DATA SHOWN below:

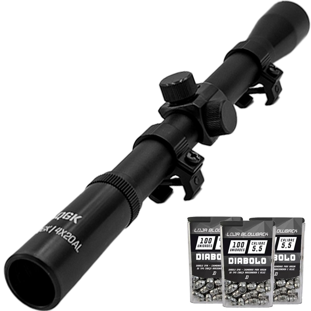 Luneta 4×20 QGK: precisão e durabilidade para tiro esportivo. Com retículo Mil Dot, aumento de 4x e estrutura leve em alumínio, melhora sua performance com facilidade!
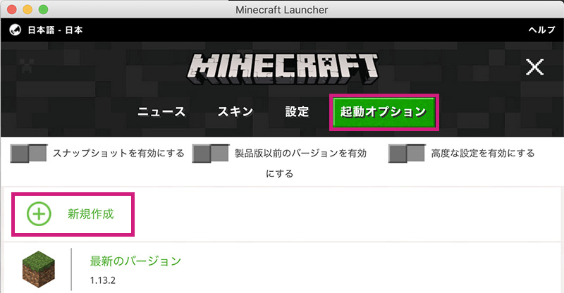 5.マインクラフトランチャーを起動して、「起動オプション」ボタンをクリックし、「新規作成」ボタンをクリックします。
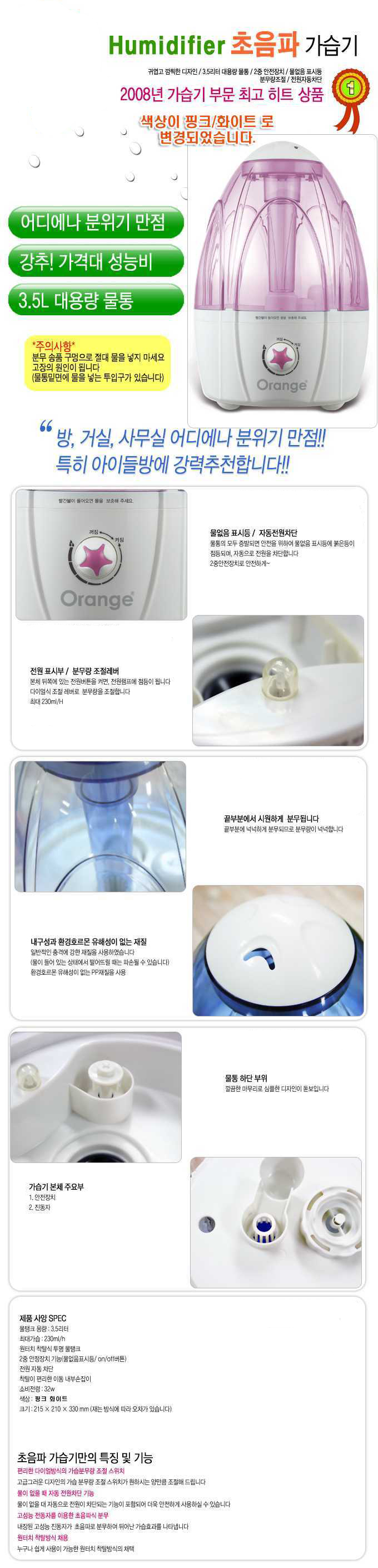 ★필터없이 공기를 자연가습 깨끗하게~★분무구 360도회전/물보충알림램프/분무량조절 Orange 생활 Upgrade 초음파식 가습기(3.5L)[VSH-VH3000]
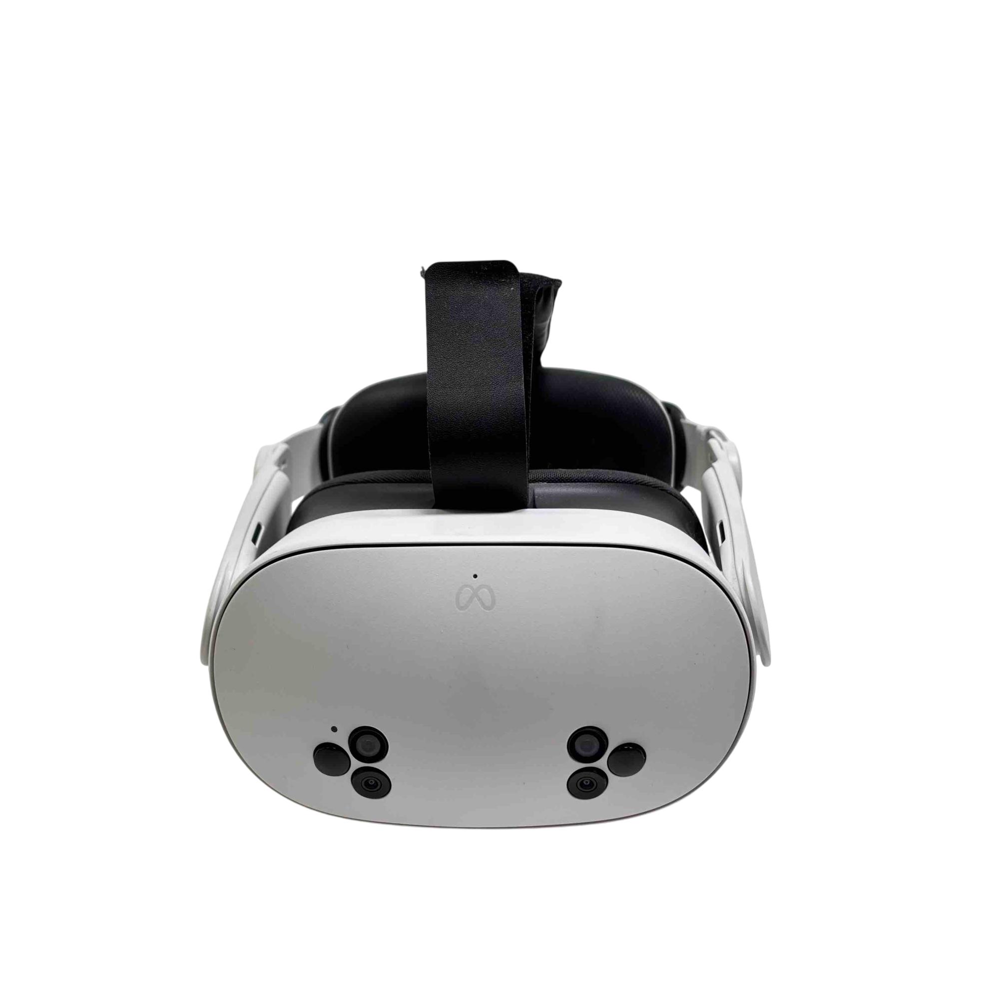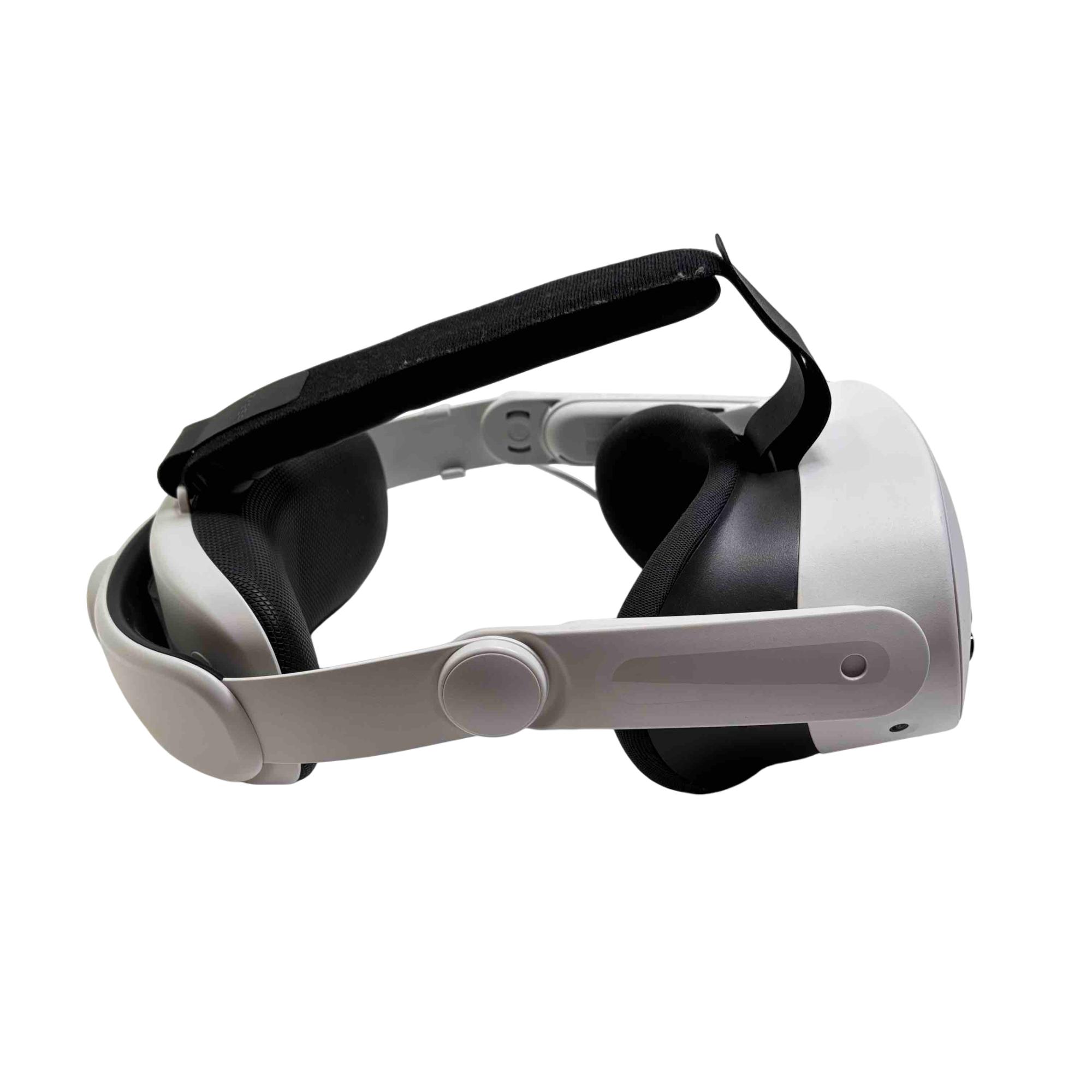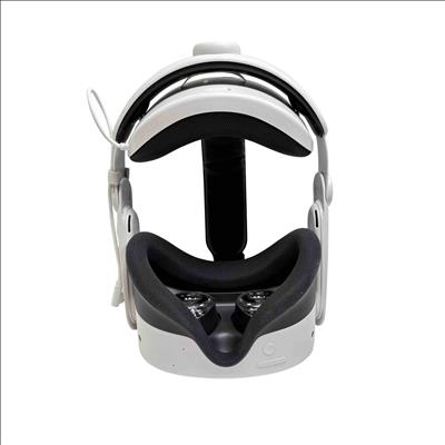 Meta Quest 3S 128GB Advanced All-in-One Virtual Reality Gaming Headset features a sleek white and black design with integrated lights for immersive gameplay. This cutting-edge VR headset offers 128GB storage and high-quality audio with comfortable, over-ear headphones, making it ideal for extended gaming sessions.
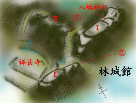 さて、肝心の林城館であるが、寺の東側に南西方向から北東方向に延びる長さ350m、幅100m、比高30mの山である。
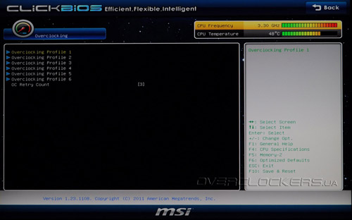 Тут же, в разделе Overclocking, находится подраздел Overclocking profiles, в котором можно сохранить до шести профилей пользовательских настроек прошивки.
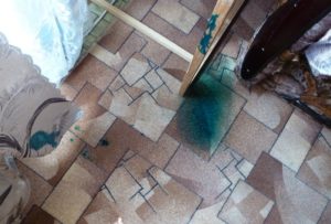 - Vinegar is poured over the painted area of the flooring so that it completely soaks the fragment of pollution.
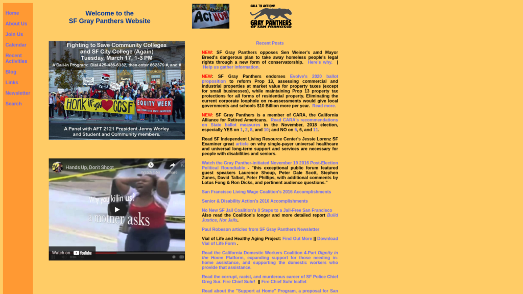 We stand for age and youth working together to make the world a place where the young can look forward to growing old. We believe all people are entitled to certain fundamental rights: Meaningful employment. A country free from racism. Economic security. Decent and affordable housing and healthcare. A world in peace. A life of dignity from birth to death, free from fear and abuse.
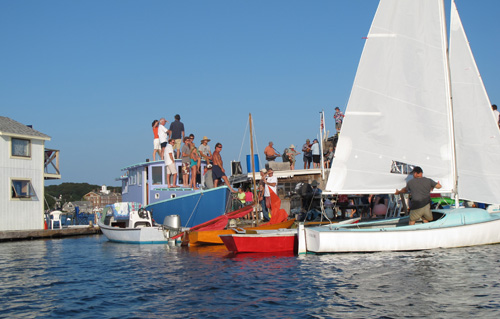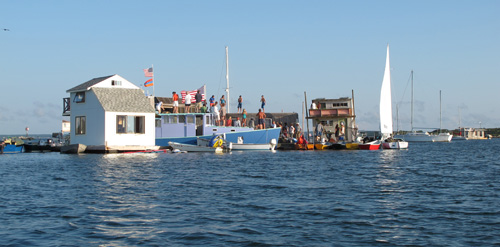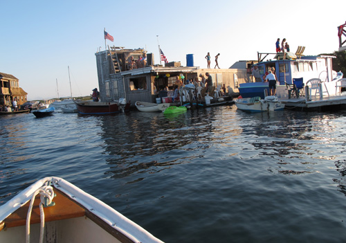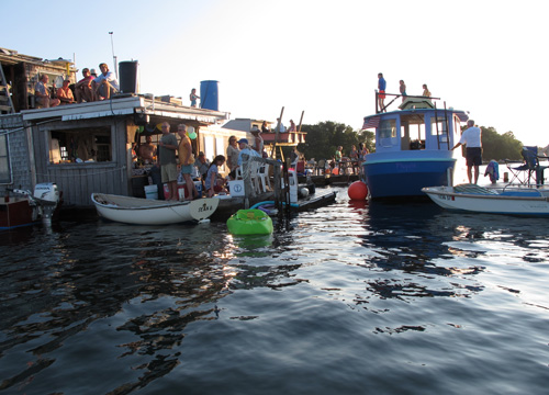 Guests either rowed, sailed or motored to the party, tying up their boats to one of the rafts.
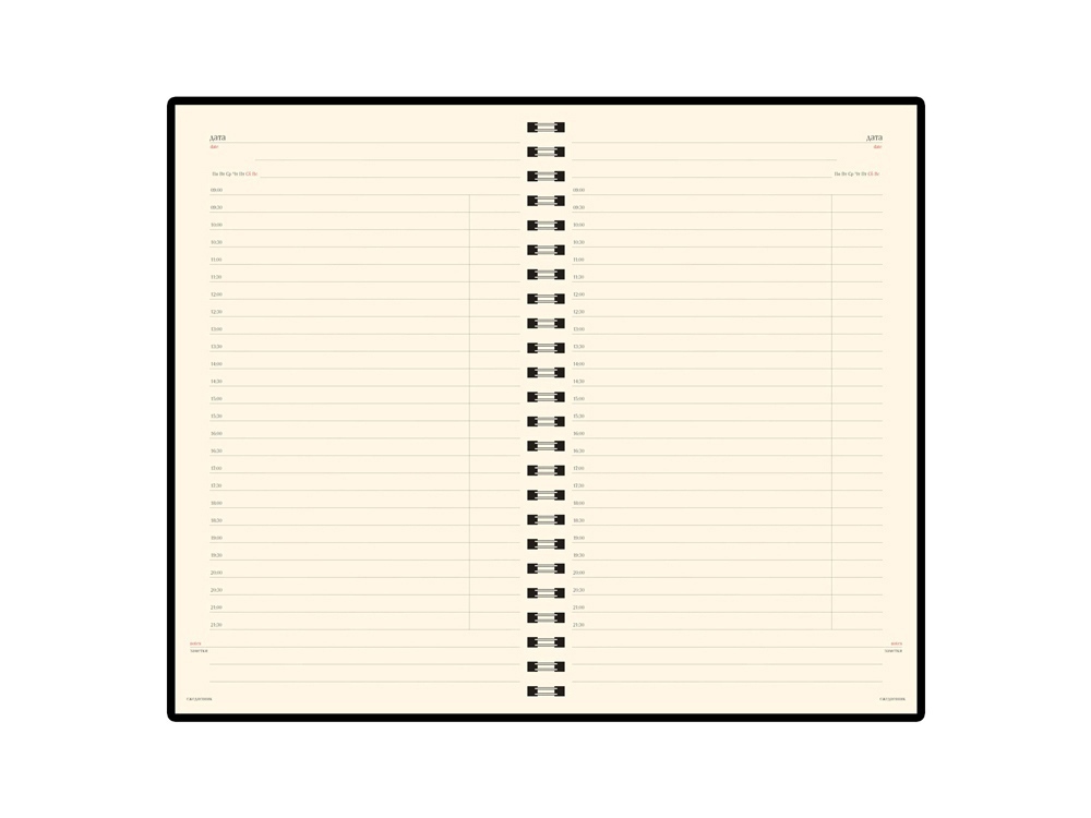 Ежедневник Milano от бренда Bruno Visconti - это сочетание элегантности и практичности. Закругленная обложка из классического переплетного материала - хорошая альтернатива натуральной коже. Форма обложки подчеркнута аккуратной строчкой по краю. Внутренний блок формата А5 на современном креплении – полускрытом гребне – содержит 272 страниц. Для них подобрана первосортная бежевая бумага повышенной плотности (70 г/кв м). Помимо рабочих страниц в структуру блока включены телефонная книга и справочный раздел. На страницах для планирования есть удобная почасовая разбивка.
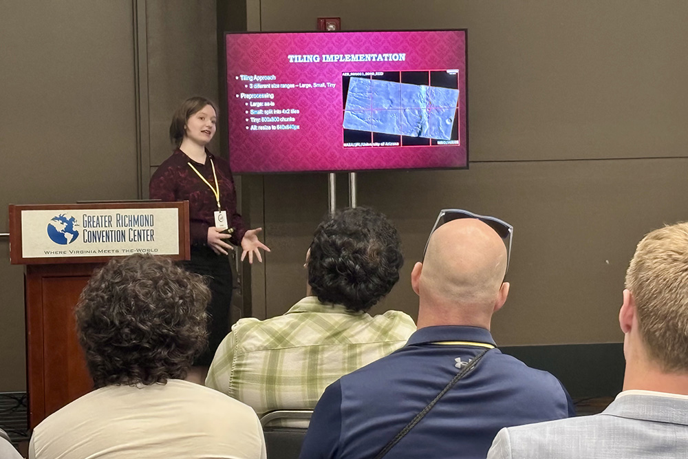 Senior computer science major Quinn Sawyer attended NCUR as her first-ever conference, describing it as a great first opportunity to present her research on AI-driven analysis to a larger audience.
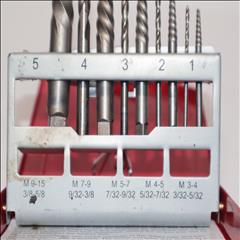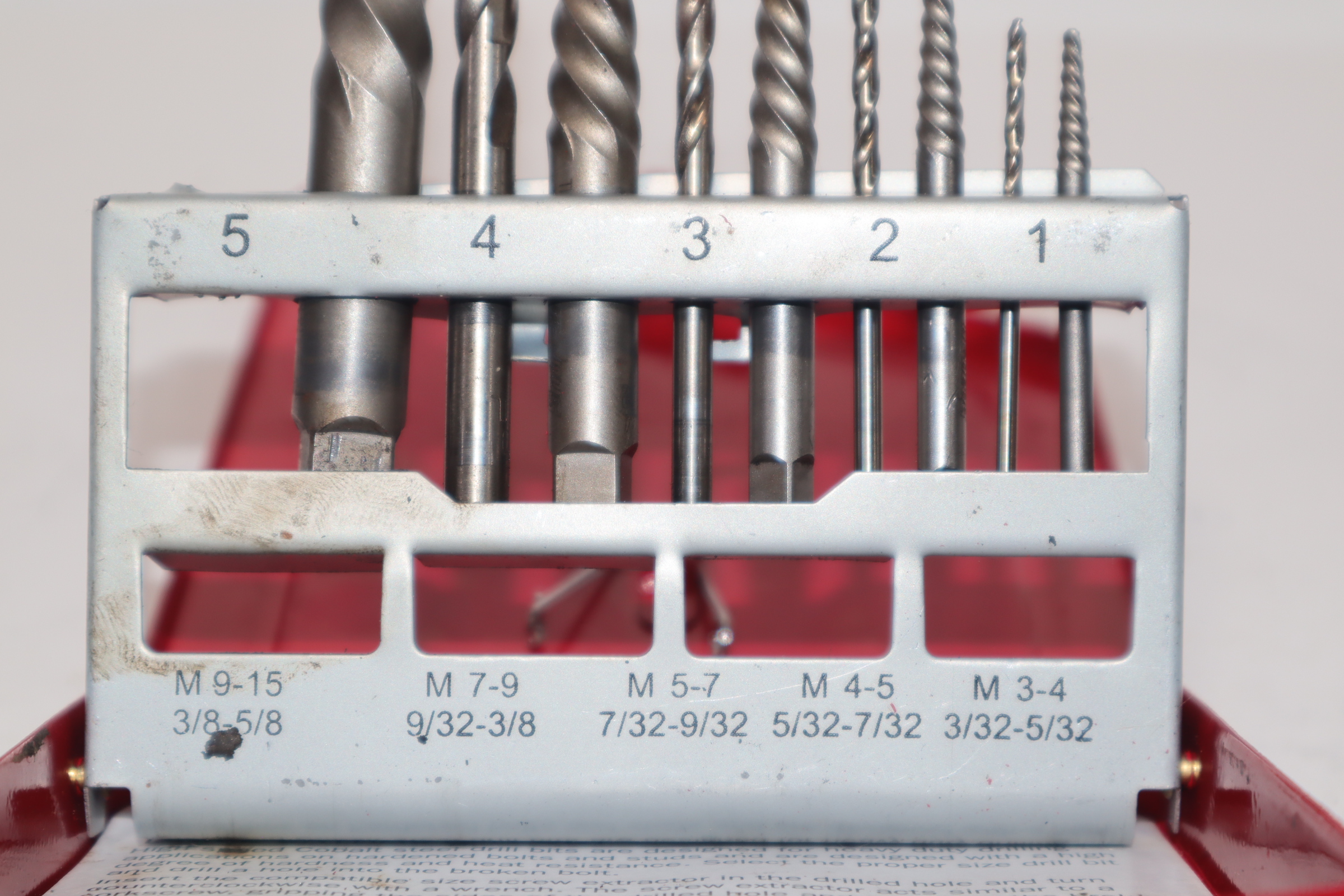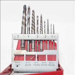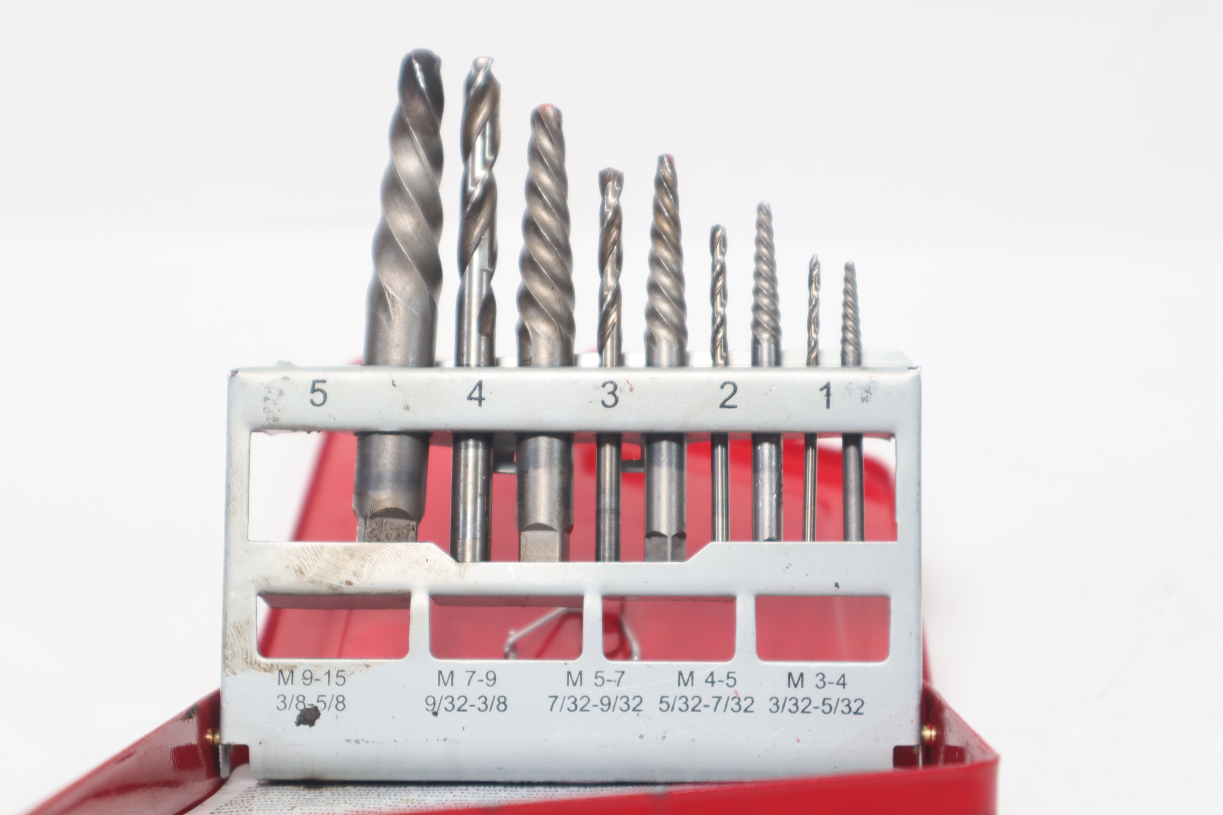 This extractor/drill bit set was previously owned. It shows signs of normal use. It is in good condition. It has been tested and works. There are scuff marks and scratches on the bits.

End of DATA SHOWN.

TRY IT:
The answer should consist only of the lines above from the one with "Upgrade 초음파식 가습기(3.5L)[VSH-VH3000]" through the one with "Meta Quest 3S", repeated exactly, with no pictures among them.

WRITTEN SOLUTION:
 ★필터없이 공기를 자연가습 깨끗하게~★분무구 360도회전/물보충알림램프/분무량조절 Orange 생활 Upgrade 초음파식 가습기(3.5L)[VSH-VH3000]
 Meta Quest 3S 128GB Advanced All-in-One Virtual Reality Gaming Headset features a sleek white and black design with integrated lights for immersive gameplay. This cutting-edge VR headset offers 128GB storage and high-quality audio with comfortable, over-ear headphones, making it ideal for extended gaming sessions.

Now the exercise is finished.